DATA BELOW:
━━━

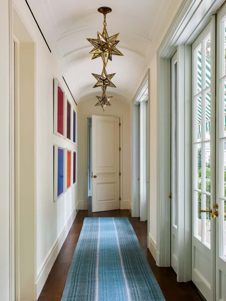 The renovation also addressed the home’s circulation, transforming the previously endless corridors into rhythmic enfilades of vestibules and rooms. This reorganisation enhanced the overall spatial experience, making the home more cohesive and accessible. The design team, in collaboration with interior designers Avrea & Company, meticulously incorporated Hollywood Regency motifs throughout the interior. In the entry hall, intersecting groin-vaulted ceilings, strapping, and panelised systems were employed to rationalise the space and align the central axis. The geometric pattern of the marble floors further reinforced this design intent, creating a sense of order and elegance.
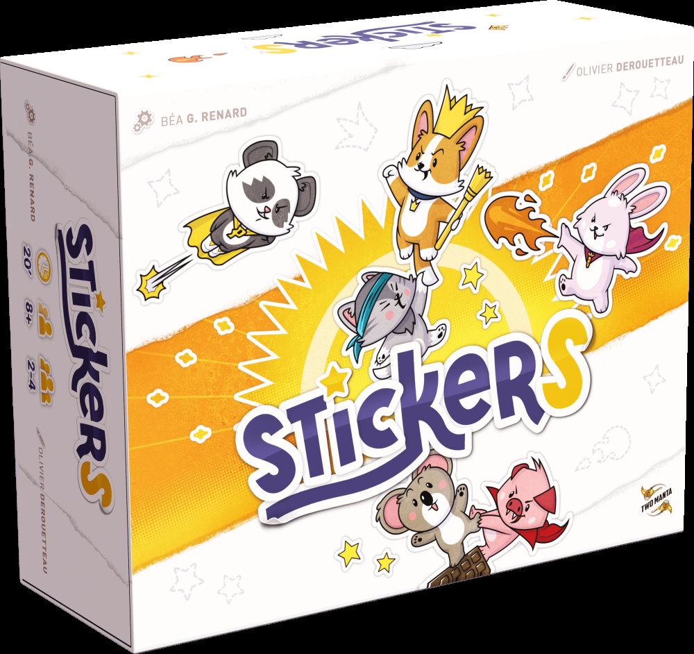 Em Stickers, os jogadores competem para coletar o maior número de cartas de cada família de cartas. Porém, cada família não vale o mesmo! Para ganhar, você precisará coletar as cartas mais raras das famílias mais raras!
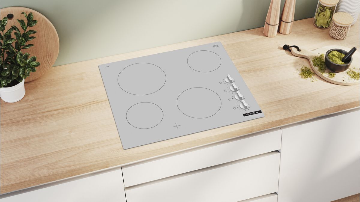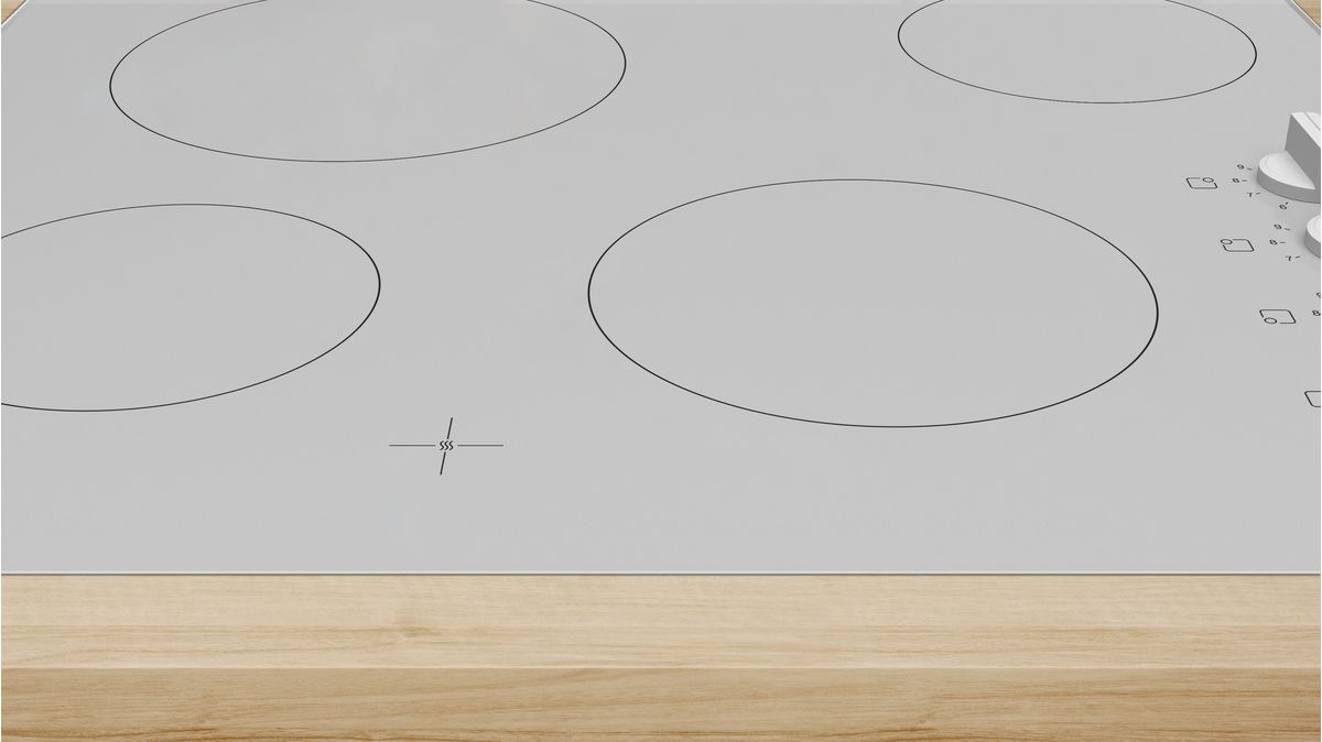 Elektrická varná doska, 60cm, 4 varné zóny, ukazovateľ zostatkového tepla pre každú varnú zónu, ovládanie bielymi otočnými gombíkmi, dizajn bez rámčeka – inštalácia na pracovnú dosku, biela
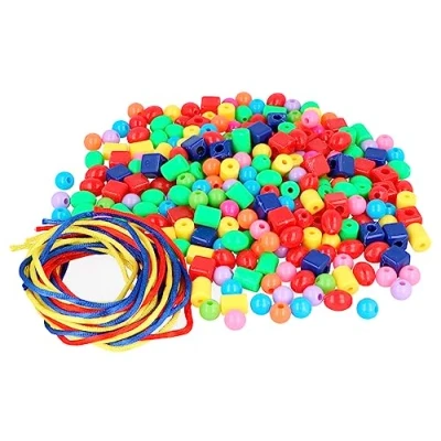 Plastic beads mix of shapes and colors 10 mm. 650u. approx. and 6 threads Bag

━━━

BRIEF: Apart from the pictures, all of the data must be duplicated exactly as shown above.

RESULT:
 The renovation also addressed the home’s circulation, transforming the previously endless corridors into rhythmic enfilades of vestibules and rooms. This reorganisation enhanced the overall spatial experience, making the home more cohesive and accessible. The design team, in collaboration with interior designers Avrea & Company, meticulously incorporated Hollywood Regency motifs throughout the interior. In the entry hall, intersecting groin-vaulted ceilings, strapping, and panelised systems were employed to rationalise the space and align the central axis. The geometric pattern of the marble floors further reinforced this design intent, creating a sense of order and elegance.
 Em Stickers, os jogadores competem para coletar o maior número de cartas de cada família de cartas. Porém, cada família não vale o mesmo! Para ganhar, você precisará coletar as cartas mais raras das famílias mais raras!
 Elektrická varná doska, 60cm, 4 varné zóny, ukazovateľ zostatkového tepla pre každú varnú zónu, ovládanie bielymi otočnými gombíkmi, dizajn bez rámčeka – inštalácia na pracovnú dosku, biela
 Plastic beads mix of shapes and colors 10 mm. 650u. approx. and 6 threads Bag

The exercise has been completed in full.